La risposta in questo caso non può che essere quella sul puntare su investimenti in
capitale umano e cercare di far sì che queste persone abbiano maggiore possibilità
di riconvertirsi, di apprendere mansioni che siano a maggiore contenuto di capitale
umano. Perché è questo il vantaggio che avranno in futuro, in ogni caso, i Paesi avanzati.
D.
– Guardando però al mercato del lavoro, in senso globale, c’è piuttosto una corsa
al ribasso. Non sono i lavoratori dei Paesi in via di sviluppo che si adeguano a quelle
che sono le garanzie che vengono date nei Paesi già sviluppati, ma è il contrario...
R.
– In realtà, la situazione è più complessa, perché ci sono, per esempio, anche proteste
dei lavoratori nei Paesi emergenti, quelli che si stanno arricchendo, e ci sono anche
delle forme di organizzazione dei lavoratori. Anche in Cina ci sono stati scioperi
molto importanti e i lavoratori sono riusciti a portare a casa condizioni lavorative
migliori e incrementi salariali significativi. Non si va, quindi, solo in una direzione.

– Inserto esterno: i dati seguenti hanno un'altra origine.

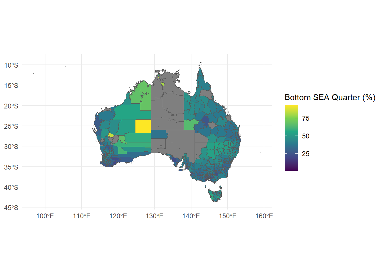 To make this graph informative, we then need some numerical data which is also grouped by LGA to plot on this map. heatmap_data.csv contains data on Index of Community Socio-Educational Advantage (ICSEA) by each LGA, so we need to merge this data with our shapefile data.

Certamente, c’è il problema che la penetrazione nei mercati avanzati di importazione
dai Paesi in via di sviluppo ha aumentato le pressioni competitive. Soprattutto in
Paesi come l’Italia, dove non ci sono minimi che vengano fissati dai sindacati, significa
avere persone, soprattutto lavoratori immigrati, lavoratori molto vulnerabili, giovani,
che finiscono per essere in condizioni lavorative molto, molto pesanti.